Some comments and questions:

  1. Pattern uses “node” terminology. Not defined or used elsewhere.

  2. Dendrite Forest handles a route of connections from one layer of inputs (synapses to input) to a layer of outputs (neurons that activate)

  3. One distal set of connections managed by Dendrite Forest with neuron activity as input and neuron inputs as the output. Becomes prediction network.

  4. No actual neuron data structure. Workhorse is the Dendrite Forest object with arrays of inputs and outputs are passed to the parallel algorithm. Works with arrays: inputs, activity states, boosting count, overlap count, permanences

  5. Decoding is accomplished by tracing the dendrite from each active neuron back to the input cell through each connected synapse. All synapses are backtracked, so the input prediction kind of seems like it would be “noisy” based on reading the code, but if the synapses are pruned and reassigned during learning, then that noise would disappear.

  6. Boosting works during the encoding process. Boosting value accumulates for every time neuron is not activated up to a max. Selects the top most boosted neurons to be active during learning process if no other activation occurs.
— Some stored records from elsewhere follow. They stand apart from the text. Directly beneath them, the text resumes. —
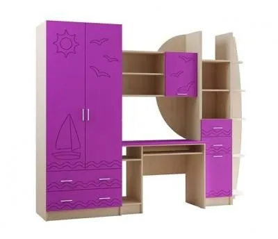 Набор необходимой детской мебели. Изготовлен с соблюдением всех необходимых требований к экологичности и функциональности. В модели использована крепкая и надежная фурнитура.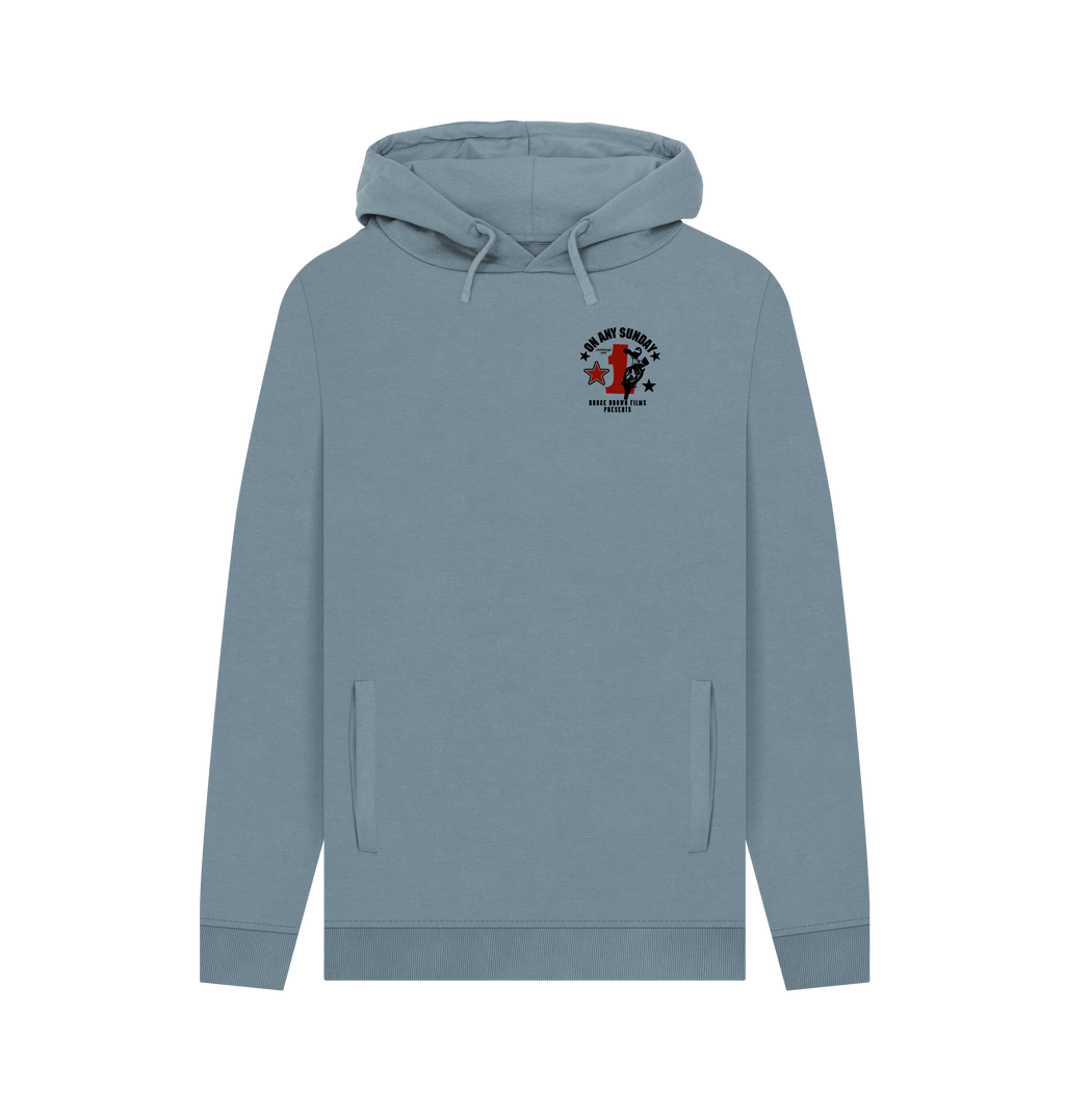 Our OFFICIAL On Any Sunday Motorsport Mini Print Graphic Blue Hoodie based on the popular film features a printed design on the front. This quality garment is manufactured officially under license by Park London on behalf of On Any Sunday.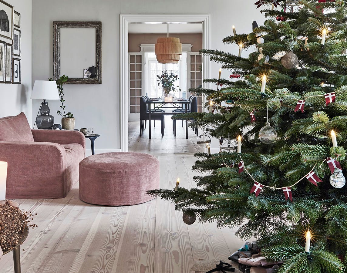 Et juletræ er smukt i sig selv, og derfor er det ikke altid nødvendigt at overdynge det med pynt. Hold dig i stedet til lys og enkelte kugler, og tilføj flagranker, hvis det skal have et nostalgisk præg. Møbler og boligtilbehør fra Tine K Home.
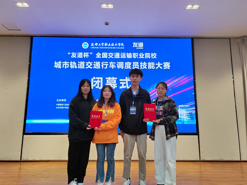 2023年4月26日,“友道杯”全国交通运输职业院校城市轨道交通行车调度员技能大赛(四川赛区)在成都工贸职业技术学院举行。beat365官网电信工程学院铁道交通运营管理专业学生黄超、徐彩怡和伍钰荷、杨海韵组成的两支代表队分获省级二、三等奖。 本赛项对应城市轨道交通行车调度员岗位,是交通运营管理专业人才培养的发展岗位。大赛内容包括理论知识竞赛和技能操作竞赛两部分,理论知识竞赛涉及城市轨道交通行车组织、运营服务、施工组织和应急处置等知识,技能操作竞赛包括运营准备工作、突发事件应急指挥、施工组织等,重点考察参赛选手的职业素养与安全操作。 beat365官网学生在本次竞赛中展现了扎实的基础知识、较高的实践能力和良好的综合职业素养,达到了“以赛促教、以赛促学”的参赛目的。以此为契机,也有助于促进学校的专业教学改革和人才培养质量提升。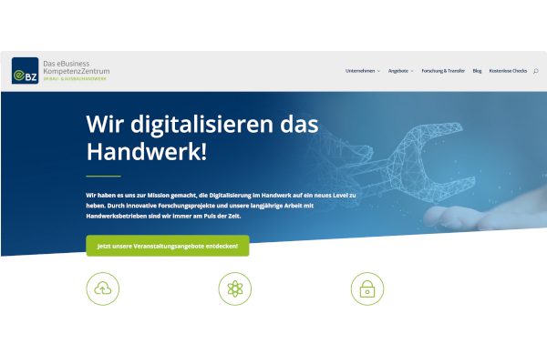 Dank Low-Code-Ansätzen und der Integration standardisierter Softwarelösungen können Unternehmen ihre Prozesse selbst modellieren, automatisieren und optimieren. Das eBusiness-KompetenzZentrumg gGmbH informiert zu ersten Schritten und gibt Unterstützung bei Fragen. – © Screenshot https://ebusiness-kompetenzzentrum.de (Stand 15.01.2025)

  7. Only one-step prediction occurs in the current implementation. Without the mini-columns, there’s no way to do higher-order sequence prediction because input A only has one prediction value based on its learning. No other predictions are possible. (I bet if you occasionally reverse gravity in your experiment, it will simultaneously predict both up and down falling with no way to disambiguate it based on past behavior.)

  8. Is prediction biasing activation on the current input pattern? I can’t figure that out yet. Since you only have Active/Inactive states instead of the Active/Inactive/Predictive states of HTM neurons, it’s difficult to see how that would work. There is no predictive state that will inhibit competing neurons in a column either which allows for the higher order sequence learning.
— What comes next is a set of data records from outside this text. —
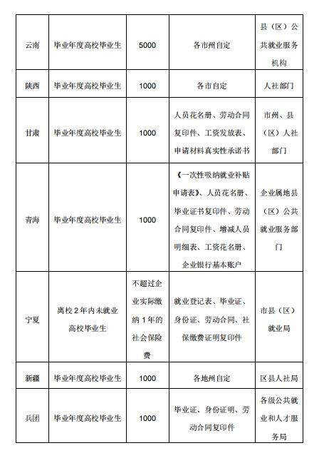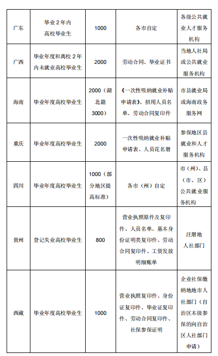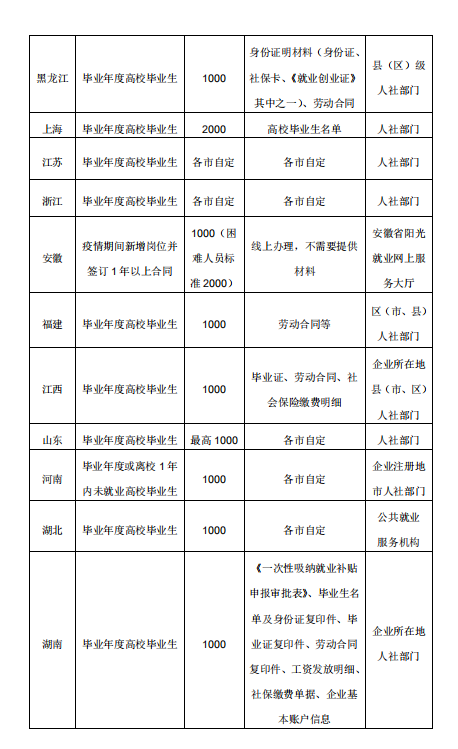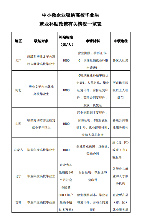 人民网北京7月23日电 (孟植良)中小微企业是吸纳就业的主渠道,也是很多高校毕业生踏上职场、挥洒才智的阵地。记者从人社部了解到,今年为鼓励中小微企业吸纳高校毕业生就业,国务院办公厅《关于应对新冠肺炎疫情影响强化稳就业举措的实施意见》提出,对中小微企业招用毕业年度高校毕业生并签订1年以上劳动合同的,给予一次性吸纳就业补贴。 为便于符合条件的中小微企业申领享受补贴政策,我们专门梳理了各地补贴发放标准和申领途径。目前,此项补贴正在审核发放过程中。具体申请材料和申领流程请咨询当地人力资源社会保障部门。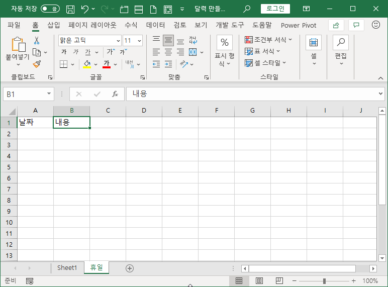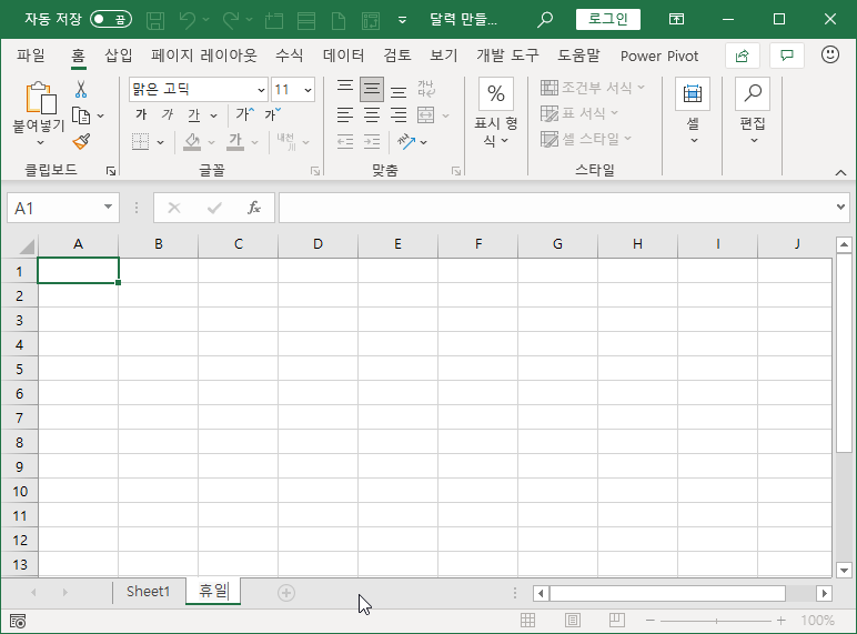 새 시트를 추가해 시트명을 '휴일'로 지정합니다.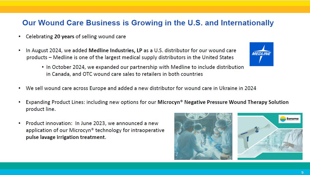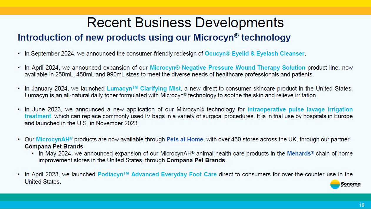 Introduction of new products using our Microcyn ® technology • In September 2024, we announced the consumer - friendly redesign of Ocucyn® Eyelid & Eyelash Cleanser . • In April 2024 , we announced expansion of our Microcyn® Negative Pressure Wound Therapy Solution product line, now available in 250 mL, 450 mL and 990 mL sizes to meet the diverse needs of healthcare professionals and patients . • In January 2024 , we launched Lumacyn TM Clarifying Mist , a new direct - to - consumer skincare product in the United States . Lumacyn is an all - natural daily toner formulated with Microcyn ® technology to soothe the skin and relieve irritation . • In June 2023 , we announced a new application of our Microcyn® technology for intraoperative pulse lavage irrigation treatment , which can replace commonly used IV bags in a variety of surgical procedures . It is in trial use by hospitals in Europe and launched in the U . S . in November 2023 . • Our MicrocynAH ® products are now available through Pets at Home , with over 450 stores across the UK, through our partner Compana Pet Brands • In May 2024, we announced expansion of our MicrocynAH ® animal health care products in the Menards ® chain of home improvement stores in the United States, through Compana Pet Brands . • In April 2023, we launched Podiacyn TM Advanced Everyday Foot Care direct to consumers for over - the - counter use in the United States . Recent Business Developments 19

  9. It might make more sense in your demos if you explicitly label or comment on what each Pattern represents. Furthermore, the same thing with what each Forest represents. Referring to them by Index makes it difficult to follow what each input/output means. I figured it out eventually.

  10. How do multiple Forests relate to each other in a single Area? I see that they are referenced indirectly depending on the number of Patterns received in a function call. Seems like a problematic design feature.

  11. Each OpenCL call operates on a single neuron and its connected synapses correct? I am guessing that’s what the uint n = get_global_id(0); index refers to.

Like the neocortex and HTM, SC may have neurons with dendrites that share the same receptive field. This would be considered a “minicolumn” or HTM column, but SC does not specify it or organize the data as such.

  1. You would also need to implement predictive states and column inhibition to replicate minicolumns.

For the demos, SC activates just 1 neuron whereas HTM would activate 2% of a population of neurons.

  1. Can you explain what you mean by this? I didn’t see anything that indicates a single neuron. I saw 64k neurons though.

#9

Thank you for your comments. It’s helpful having a fresh perspective on this project so please let me know where I could better clarify my ideas.

I’ve upgraded my concept diagrams. It just shows one neuron for now but I’ll add a few more to show how the algorithms operate in the vids.

image

I’ve buried nActThresh in the encode function and nPreThresh in the predict function. I plan to pull these out and make them Area class variables. Perhaps it would make sense to make a Neuron class as well for better organization.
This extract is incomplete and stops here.